When simultaneously this row of sensing elements is exposed to light at a predetermined wavelength and irradiated with microwaves at a predetermined frequency then in each sensing element of that row a photocurrent is generated influenced by the magnetic field to the extent present. In such case each column has only one active sensing element, or in other words each read-out line addresses a single active sensing element. Hence from the photocurrent measured by the measurement unit, as the read-out lines are selectively connected to the measurement unit by the multiplexer, the sensed magnetic field values of a single magnetic sensing cell can be extracted.

In an embodiment of the invention, when the biasing element is controlled to bias the first contacts of the selected sensing elements, the biasing element may be further controlled to connect the first contacts of the non-selected sensing elements to ground. As the second contacts are all grounded this suppresses potential noise picked up by the second contacts of non-selected sensing elements which could potentially affect the reliability and accuracy of the photocurrent measured and by consequence also the reliability and accuracy of sensed magnetic field values extracted.

Alternatively in case plural rows of sensing elements are selected (activated) at once the biasing element may be controlled to apply a differently modulated bias voltage to each of the associated first conductive lines. The measured photocurrent in a read-out lines then contains contributions of magnetic sensing elements of plural rows but each contribution is modulated differently and can be separately extracted using at least one lock-in amplifier, or equipment for analog to digital conversion and subsequent FFT analysis such as e.g. a spectrum analyzer.

The at least one microwave source may be one or more RF antennas. The at least one microwave source may be controlled while irradiating to sweep frequency within a predetermined frequency range. The at least one microwave source may be configured to irradiate the magnetic sensing elements directly. Alternatively, a set of parallel microwave conductive lines may be provided for carrying a microwave signal generated by the at least one microwave source, the microwave lines being formed above the first and /or second contacts, and being electrically insulated from the first and second contacts and from the substrate. The microwave conductive lines may be positioned such that they at least partially cover portions of the substrate that are not covered by the first and or second contacts. In particular the microwave conductive lines may be configured to maximize coverage of the substrate portions uncovered by the first and/or second contacts to thereby maximize coupling in of microwaves into the diamond material.

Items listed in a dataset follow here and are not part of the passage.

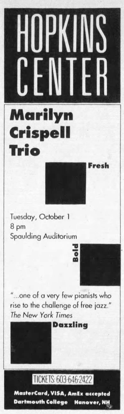 - 25.04.01 - Spontaneous Composition Ensemble: Marilyn Crispell (p), unknown others / 5:00pm, Bard College, Red Hook, NY
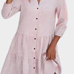 Helmi™ | -raidallinen kesämekko on kevyt ja elegantti tulkinta pohjoismaisesta kesätyylistä. Ilmava puuvillapopliinikangas tuntuu miellyttävältä ihoa vasten ja tekee mekosta täydellisen lämpimiin päiviin. Hillitty raidallinen kuosi ja 3/4-hihat luovat tasapainoisen yhdistelmän mukavuutta ja naisellista eleganssia. Mekko on valmistettu huolellisesti ja pieninä erinä, mikä tekee jokaisesta kappaleesta erityisen ja ajattoman lisän vaatekaappiin.
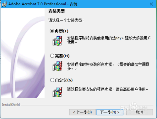 在Adobe Acrobat 7.0 Professional安裝窗口安裝類(lèi)型下選擇典型點(diǎn)擊下一步,目的地文件夾的存放下點(diǎn)擊下一步。
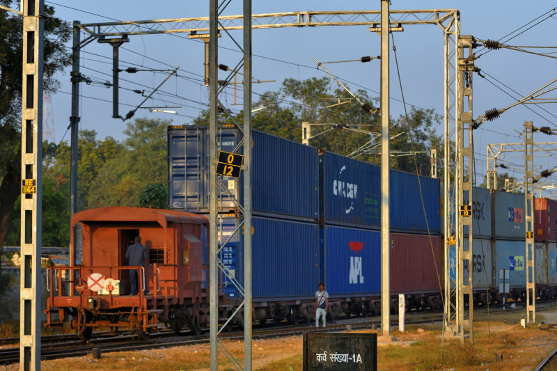 コンテナ2段積みの列車です。この機関車はDLですが、架線が張られています。通常の電化
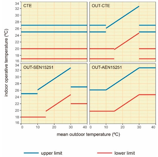 | OUT-CTE model | Adaptive model of EN15251; when the adaptive model is not applicable, the CTE static model is applied. |
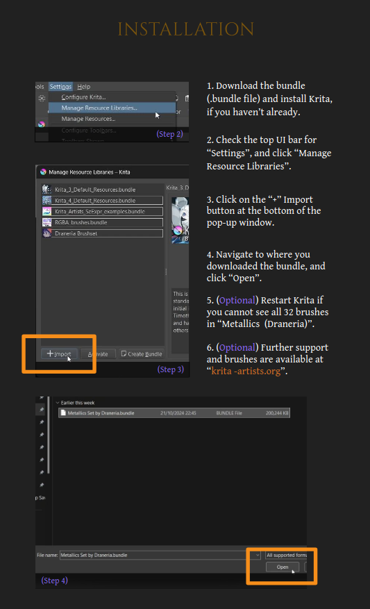 P.S Super new to Krita and not sure how to install brush bundles? Have a look at this or the link below:
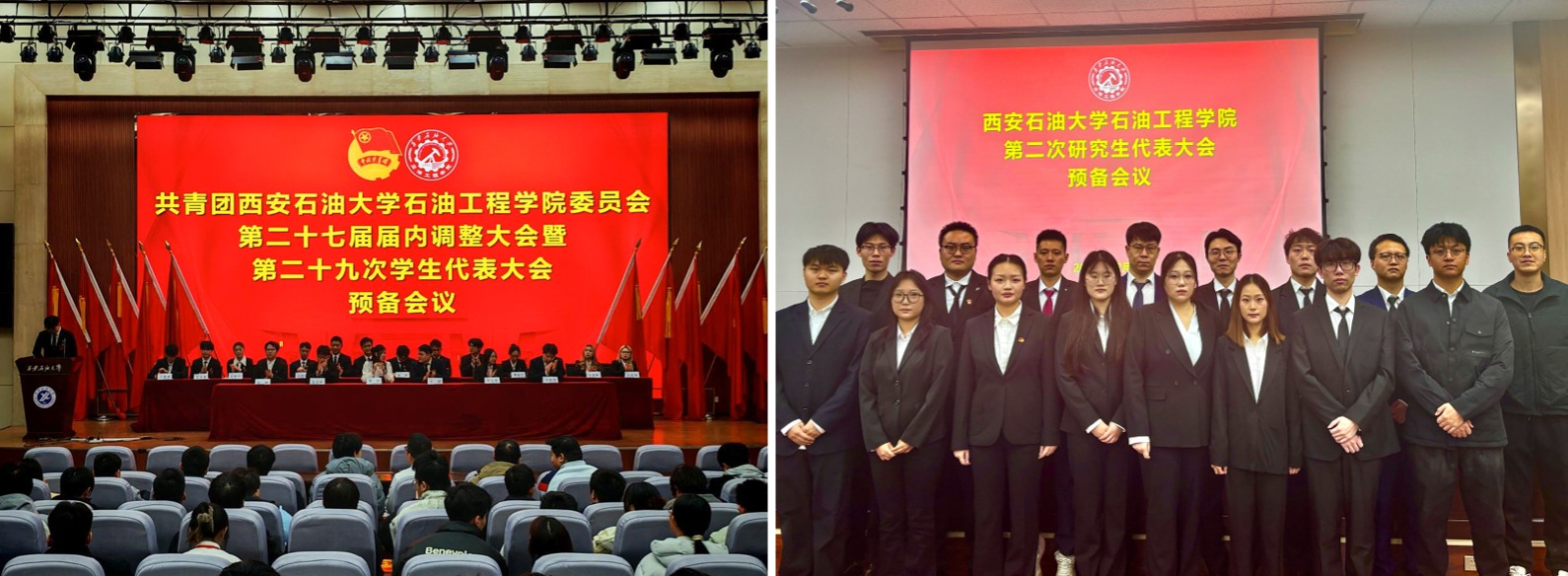 12月10日,西安石油大學石油工程學院第二十九次學生代表大會暨第二次研究生代表大會在鄠邑校區(qū)弘石報告廳勝利召開,學院黨委書記司馬文龍、校團委副書記王軍策,學院黨委副書記艾二鑫出席大會。校學生會、校研究生會、兄弟學院學生會代表受邀參會,學院學生工作辦公室全體老師、各年級學生代表參加會議。
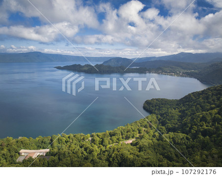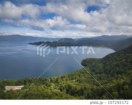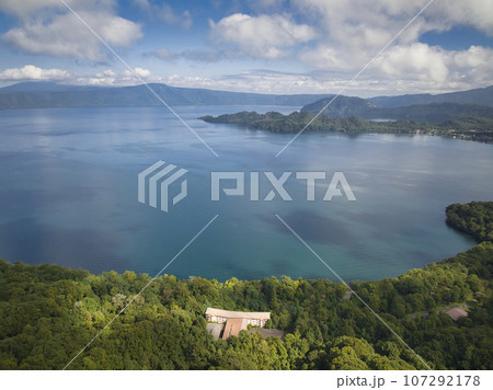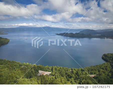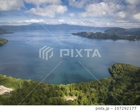 発荷峠展望台からの雄大な十和田湖の眺め(パノラマ写真) 秋田県小坂町(ドローンによる空撮)
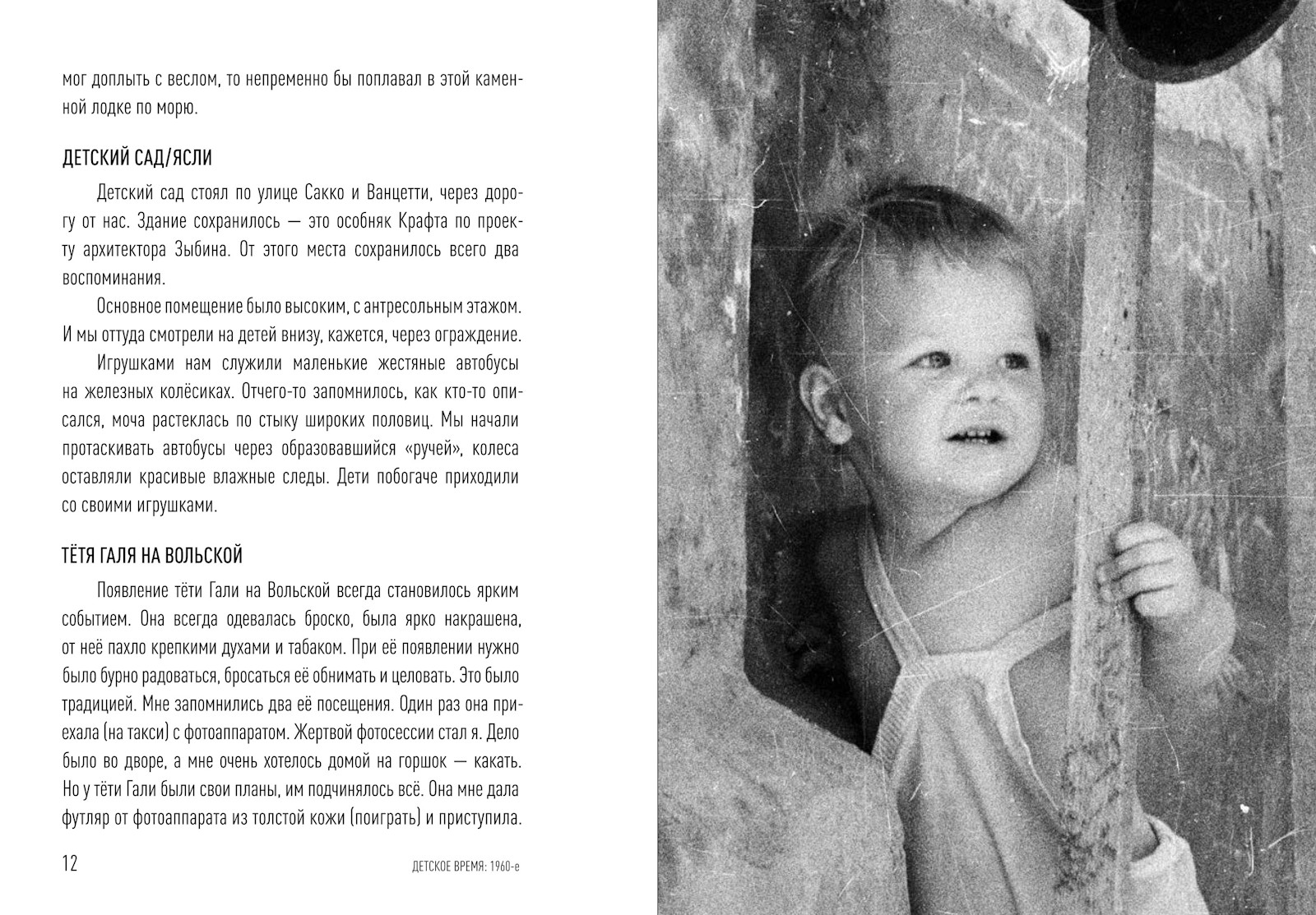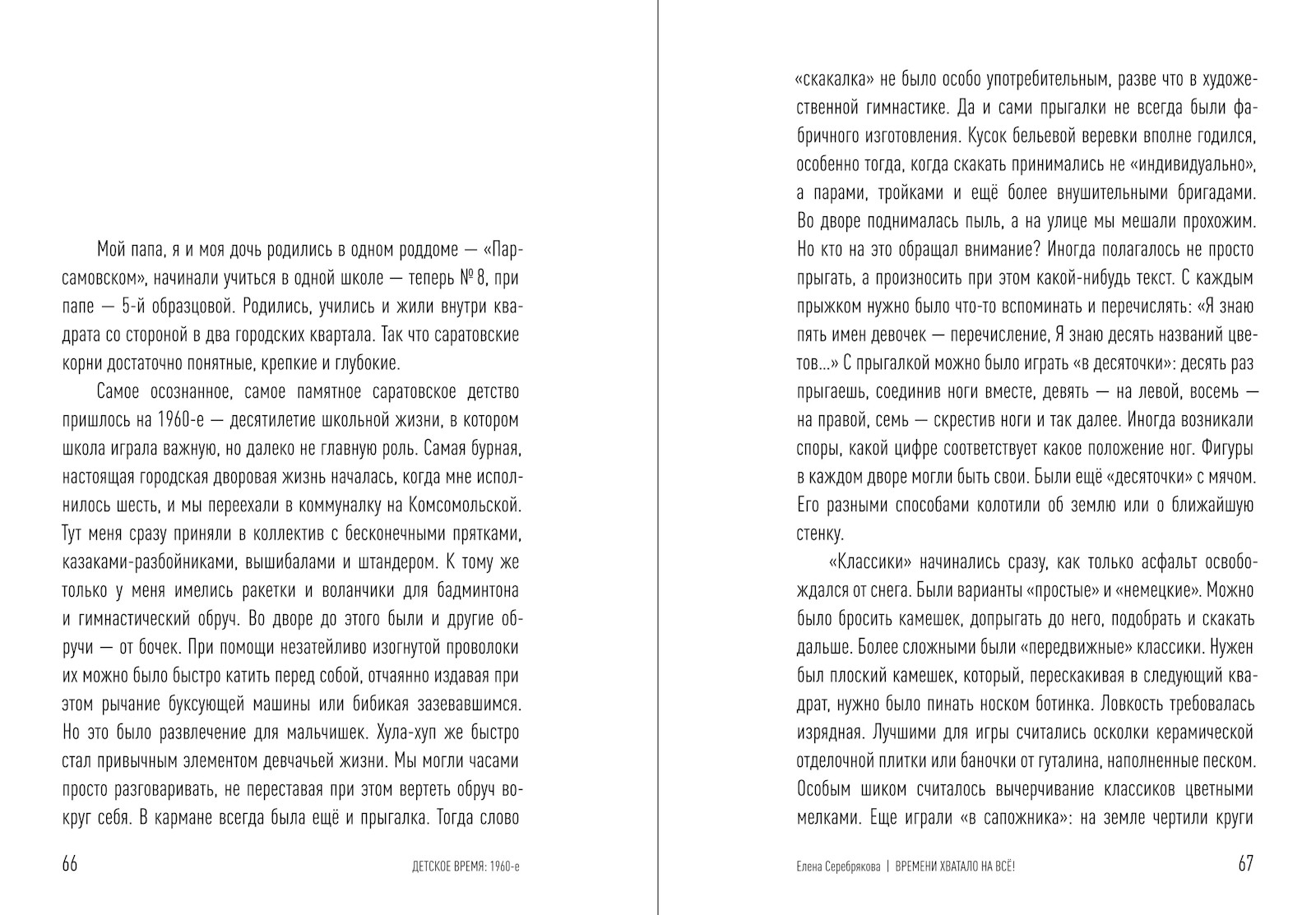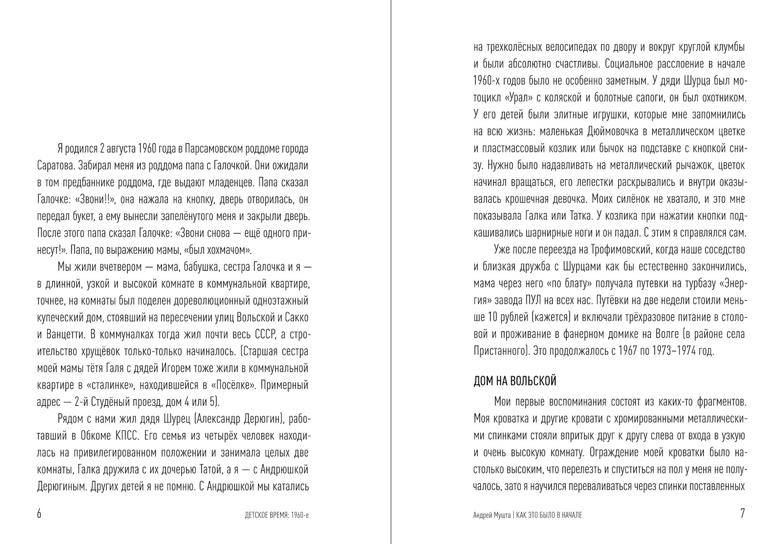 Первой книжке о саратовском детстве выпало быть про 1960‑е. Это время, когда Саратов активно прирастал послевоенной промышленностью. Среди жителей новых районов бытовало устойчивое выражение «поехать в город». Слева направо, если смотреть с Лысой горы на Волгу, — три текста. Мальчишки — один из Ленинского района, второй из Заводского — фланкируют текст девочки. Центральный во всех смыслах — о старом городе.
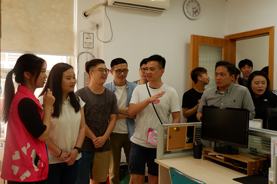 活动上半场,在永和街社工服务站标准化讲解专员的带领下,香港青年学生深入到社工站各个功能场室,了解其设置及服务情况,并作互动交流。其后,永和街社工服务站刘鹏主任分享了政府政策对专业社会工作服务的推动作用,让香港青年学生对广州的社会工作服务模式及相关政策有了基本的认识。
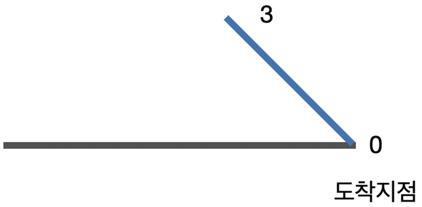 마지막에서 네 번째 지점이 몇이 될 수 있을지를 생각해 보겠습니다. 먼저 이전과 같이 4이상의 큰 수라면 이전과 똑같이 4가 될 것입니다. 하지만 이번에는 3일 수도 있습니다. 그럼 똑같이 3으로 유지하면 됩니다. 문제는 갑자기 작아지는 1일 경우를 생각해 보겠습니다. 마지막의 네 번째가 1이라면 문제가 생길까요? 문제가 생길것 같아 보이지만 전혀 문제가 생기지 않습니다. 왜냐하면 속력을 올리는 것에는 제한이 없기 때문 입니다. 1에서 3으로 속력을 올리는 데에는 전혀 문제가 없습니다. 따라서 속력이 1이라면 1로 바꿔주면 그만 입니다.
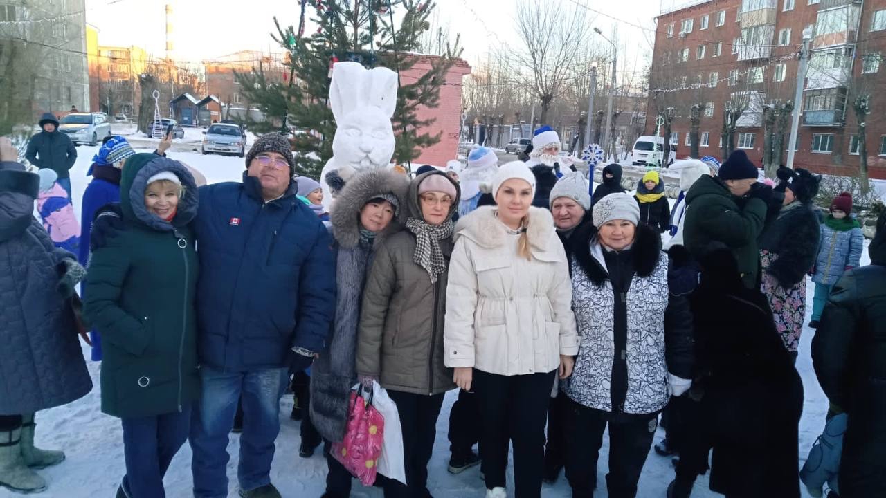 Оформить пространство помогла местная УК. Силами работников обслуживающей организации здесь появились огромные снежные фигуры Деда Мороза и Снегурочки, а также символа года – кролик. Местные жители нарядили елку и украсили территорию.

In an embodiment of the invention the microwave lines are alternatingly connected to ground such as to define a set of coplanar microwave strips or a set of coplanar waveguides. In another embodiment there are dedicated ground electrodes, e.g. each connecting some of the second contacts, provided in-between the microwave lines, so as to obtain a coplanar waveguide structure without the need to alternate the microwave lines with microwave ground lines. In a further embodiment of the invention the set of parallel microwave conductive lines are oriented parallel to the second conductive lines. Referring back to the matrix example here above this would mean that the microwave lines are parallel to the read-out lines, or in other words the columns of magnetic sensing elements. In yet a further embodiment the at least one microwave source may be controlled to generate a modulated microwave signal.

In another embodiment of the invention the first contacts and second contacts are formed on the same surface of the substrate and the light generated by the at least one light source is directed to an opposite surface such as to illuminate the selected sensing elements. This is advantageous as the light is then not shielded by the contacts hence increasing the exposed surface and/or volume of the substrate.

The illumination, independent of the surface where it is incident upon, may be continuous across the predetermined area. Alternatively, the illumination is spatially varied across the predetermined area. Spatial variation may be obtained by mechanically displacing the light source, or by using one or more reflective elements such as at least one mirror, e.g. a polygon mirror, or by using at least one diffractive element, or by using multiple light sources that can be selectively addressed. In particular, the at least one light source may be a focused laser beam, or a line-shaped laser beam, or a 1 -dimensional or two-dimensional array of LEDs or lasers such as e.g. Vertical Cavity Surface emitting lasers (VCSELs). In a further embodiment of the present invention the measurement unit is configured to extract from the measured photocurrent sensed temperature values for each sensing element of the selected sensing elements.

In another aspect of the invention a method is provided for determining the magnetic field distribution in an area using a magnetic field sensing device comprising a predetermined area of a diamond NV center substrate, the predetermined area having a plurality of sensing elements, each of said plurality of sensing elements having a first contact and a second contact electrically contacting a surface of the diamond NV center substrate, said second contact being electrically isolated from said first contact; the method comprising the steps of: applying a bias voltage to the first contacts of a selection of the plurality of sensing elements, thereby generating a local external electrical field in each of the selected sensing elements, while illuminating the selected sensing elements by at least one light source, thereby inducing a photocurrent in each of the selected sensing elements, and irradiating the selected sensing elements by at least one microwave source, thereby influencing the photocurrent generated in each of the selected sensing elements; measuring the photocurrent detected by each of the second contacts of the selected sensing elements, and extracting sensed magnetic field values therefrom for each sensing element of the selected sensing elements, and adjusting the selection of sensing elements and repeating the steps of the method till sensed magnetic field values are obtained for each selectable sensing element of the predetermined area.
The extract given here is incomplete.